Mere visual evaluation of quality of protein single crystals is insufficient and their suitability for structural studies is always tested properly only by an X-ray diffraction experiment. Frequently the quality of diffraction is not sufficient for structural analysis and varies with crystals. Therefore a large number of crystals of different morphology must be often screened with concurrent optimization of crystal cryo-protection.

Diffraction experiment

Size of unit cell of protein crystals varies between tens and hundreds of Ångström in one direction and together with a relatively higher proportion of unordered atoms results in much weaker intensity of X-ray diffraction patterns when compared for instance with inorganic single crystals. Therefore more intensive sources of X-ray radiation are preferred such as a rotating anode, liquid metal anode or synchrotron radiation sources. To limit the extent of radiation damage to protein single crystals the diffraction experiments are usually carried out at low temperatures (80-120 K). This is achieved by a controlled stream of vapours of liquid nitrogen in majority of the cases. The so called oscillation method is most commonly used for diffraction data collection.

Phase problem

To determine the three-dimensional structure of a given molecule once the diffraction intensities are measured it is necessary to determine or at least estimate initial values of phases of structure factors. In the case of macromolecular crystals two basic approaches are used: either similarity of the studied structure with a known one is exploited (molecular replacement) or a set of initial phases is determined experimentally, for example by the means of anomalous dispersion of heavier atoms present in the molecule (e.g. MAD – Multiple wavelength Anomalous Dispersion).

In some cases structure solution (determination of initial phases) can be a lengthy procedure requiring persistent experimental work (e.g. years of search for suitable crystal form and at the same time heavy atom derivatives of such crystals). Direct incorporation of heavy atoms in native or engineered protein form makes experimental phasing easier. Direct methods of structure solution (computational solution of the phase problem) have been successfully applied with some smaller proteins providing diffraction data to atomic diffraction limits (resolution). There are two reasons why such approach cannot be applied routinely: limited resolution of X-ray diffraction of most protein crystals and mathematical dimensionality of the computational task (thousands to tens of thousands of non-hydrogen atoms forming one asymmetric unit of a crystal).

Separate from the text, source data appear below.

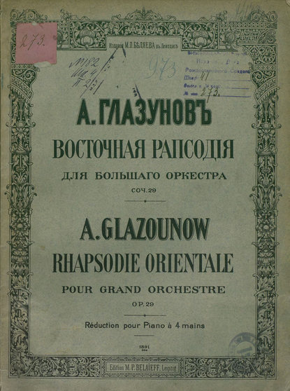 | Полное название книги | Александр Константинович Глазунов, Восточная рапсодия для большого оркестра |
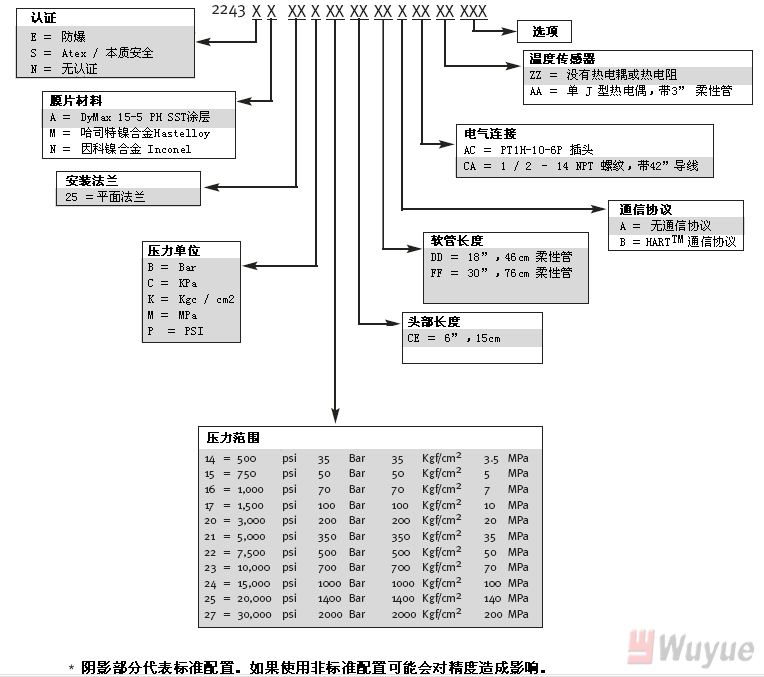 特征 ★ 通過“Z971”選項改進的線性產(chǎn)品 ★ HARTTM數(shù)字通訊系統(tǒng) ★ 4-20mA 環(huán)路供電輸出 ★ 0-500到0-30,000psi ★ 防爆,ATEX/本質(zhì)安全認(rèn)證 ★ 符合PED和CE要求 優(yōu)點 ★ 線性改進80% ★ 能通過手持式裝置配置 ★ 直接提供輸出給DCS或PLC ★ 由客戶定義壓力量程 ★ 已認(rèn)證無環(huán)境污染 ★ 符合新的EC要求 產(chǎn)品描述 SPX-L產(chǎn)品是一個智能的4-20mA 按鈕密封式壓力傳感器,能在惡劣的環(huán)境下使用。SPX2243是全焊接結(jié)構(gòu),具有一個小膜片和一個法蘭墊片,便于輕松安裝。SPX2243E適用于1級,1區(qū),A,B,C&D組的危險區(qū)。防爆模式采用一個導(dǎo)管裝置。SPX2243S還擁有ATEX/本質(zhì)安全‖1Gooa Eex ia ‖C, 0和1區(qū)的認(rèn)證。本質(zhì)安全和ATEX模式被提供一個導(dǎo)管裝置或一個密封6針邦迪克斯連接器。SPX-L同樣包括一個新的Dynisco 先進模塊,DynalarityTM,一個使由材料和加工變化引起的偏移線性化的高級運算法則模塊。 SPX-L2243按鈕密封式高溫熔體壓力傳感器(button type seally pakaged high temperature melt pressure sensor)
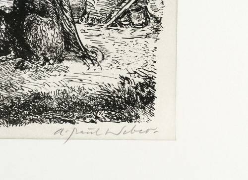 Andreas Paul Weber (1893 Arnstadt - 1980 Schretstaken / Mölln). Oft auch A. Paul Weber. Deutscher Lithograf, Zeichner und Grafiker. Schüler der Kunstgewerbeschule Erfurt. Erste autodidaktische Versuche in Lithografie. Im 1. Weltkrieg Soldat an der Ostfront. 1916 als Zeichner und Karikaturist bei der Zeitschrift der 10. Armee tätig und 1918 nach Spa versetzt. Gehörte dem nationalrevolutionären Kreis um Ernst Niekisch an. Wurde deshalb 1937 ein halbes Jahr inhaftiert. Zeichnete auch antisemitische Karikaturen. 1944/45 wieder Kriegsdienst. Nach 1945 in Schretstaken bei Mölln ansässig. 1971 Großes Verdienstkreuz und Ernennung zum Professor.

Protein structure refinement

Refinement of protein structures is carried out computationally and manually with use of specialized software designed for this purpose. Depending on structure complexity and data quality this step takes weeks to months. A finalised crystal structure of a biological macromolecule is validated as for its agreement with experimental data and with expected stereochemical parameters. Then it is deposited (uploaded) together with its experimental data in the international databank of protein structures PDB (Protein Data Bank). Both, structural and experimental data, are publicly accessible.